Companies will retain clinical applications R&D

Multimodality vendors Toshiba and Siemens have found a creative solution to keeping up with the fast pace of development in the highly competitive ultrasound market. The two companies last month announced an agreement to collaborate on the development of basic ultrasound technology.

In announcing the collaboration on May 28, Toshiba and Siemens representatives said they hope the alliance will help each company bring products to market more quickly and efficiently. The agreement covers basic technology commonly used in ultrasound scanners, such as beamformer components. Each firm will continue to independently develop, manufacture, and market its own product line, and also to develop specific clinical applications.

Such agreements have become increasingly common as medical imaging vendors strive to keep their technology current across all product lines without busting their R&D budgets. Siemens and Toshiba make good partners: The firms are not ultrasound arch-rivals on the level of Acuson or ATL, and they already collaborate in the nuclear medicine market, where Siemens provides its E.Cam gamma cameras for resale by Toshiba. Indeed, the success of the E.Cam agreement led the companies to pursue a deal in ultrasound, according to Masamichi Katsurada, president of Toshiba America Medical Systems in Tustin, CA.

The ultrasound market will probably see the first scanners resulting from the partnership in the next three years, Katsurada said. In the meantime, Toshiba and Siemens engineers will shuttle between Japan and the Siemens Ultrasound Group headquarters in Issaquah, WA.

Toshiba executives stressed that the firms plan to retain individual control over such factors as clinical applications development, which will allow them to differentiate their products in the market.
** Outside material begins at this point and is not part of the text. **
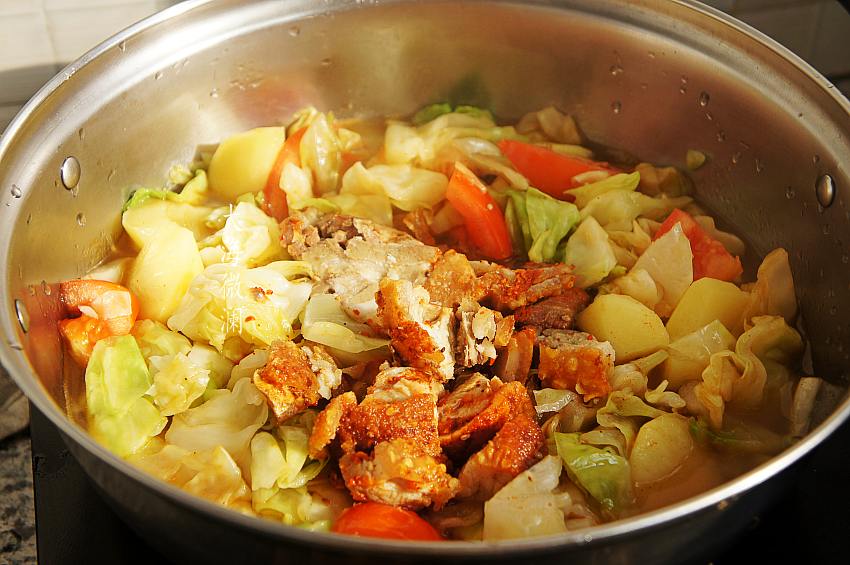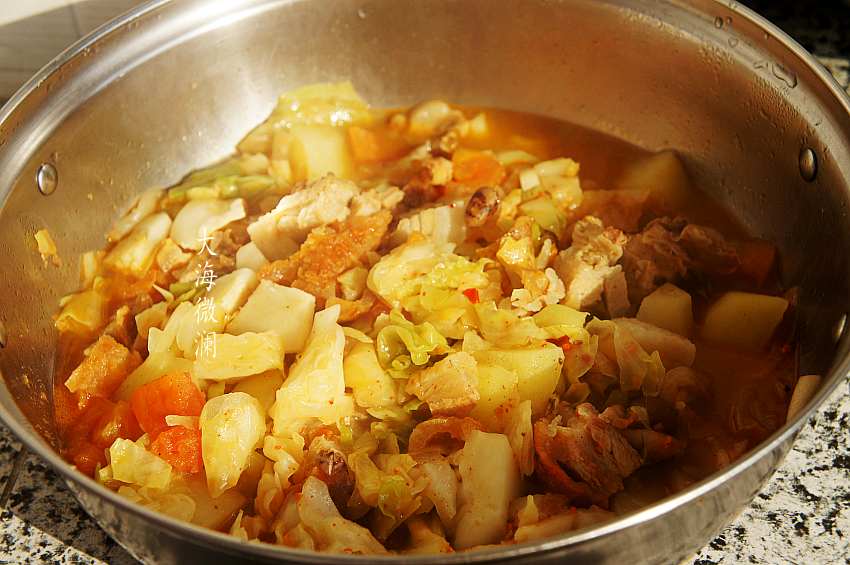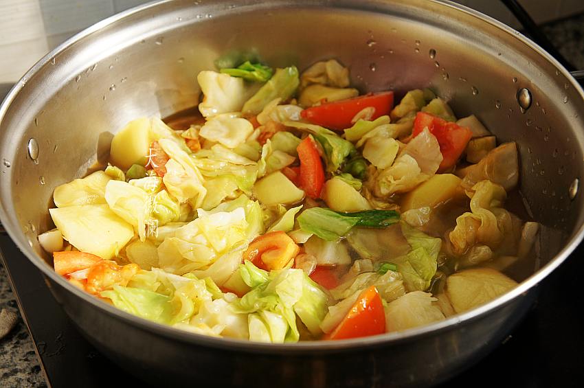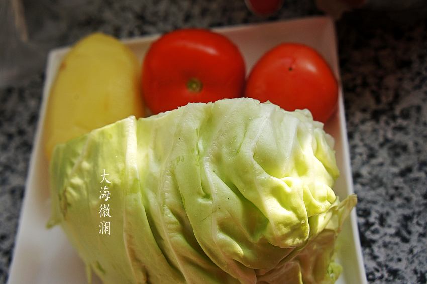 苏伯汤是哈尔滨俄式西餐厅中最普通的一道汤菜,酸甜中有咸,味厚色浓,开胃下饭,营养健康。小编今天分享的这道菜,是在苏伯汤的基础上,多加了一些蔬菜,偏菜少汤,而且没用牛肉,换成了少许香猪肉,当然要想作为减肥餐,就不要放肉肉了。食材都是普通的大众菜,新鲜的卷心菜、土豆、西红柿,搭配香猪肉煮制而成。看似最普通的家常菜,但是营养价值很高,卷心菜中含有丰富的维生素C、维生素E以及β-胡萝卜素等人体所需的元素,一份卷心菜的维生素含量远比一份西红柿的含量要高出3倍,因此常食有利于人体抗氧化和抗衰老,提高免疫力。土豆被称为“十全十美的食物”,属于碱性食物,吃了之后可以在肠道中停留更长时间,因为含有丰富的膳食纤维可以起到通便排毒和清肠刮油的作用。番茄有菜中之果的美誉,肉嫩多汁,可生食也可熟食,生食补充维生素C,熟吃补充抗氧化剂。含有丰富的维生素、矿物质、碳水化
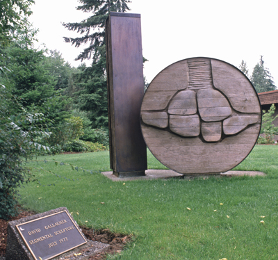 Olympia, Washington-based artist and professor David Gallagher (1937-1981) created abstract sculptures in wood. He taught at The Evergreen State College, in Olympia, Western Washington, from 1978 until his death in 1981. He previously also taught at the University of Denver in Colorado and at the University of Washington in Seattle.

Toshiba would not transfer to Siemens its Flash Echo Imaging harmonic-based contrast enhancement technique, for example, nor would Siemens lose control of its novel SieScape extended field-of-view application.

The announcement of the collaboration coincided with Ultrasound 2000, a special summit Toshiba hosted on May 28 in Newport Beach, CA. Toshiba convened the meeting to discuss new ultrasound clinical applications under development, and also to introduce the ultrasound community to its new product line and management team.

Toshiba recently revamped its ultrasound executive lineup, bringing on former Johnson & Johnson executive Michael McLean to lead the unit as vice president, and hiring Ross Heaton, previously with Perception Ultrasound, as director of ultrasound marketing.

Ultrasound 2000 attendees also got a look at PowerVision 6000, Toshiba's new ultrasound scanner, which was launched at the Leading Edge conference prior to the Toshiba summit. PowerVision 6000 is a 256-channel digital system and will compete in the $150,000 price point.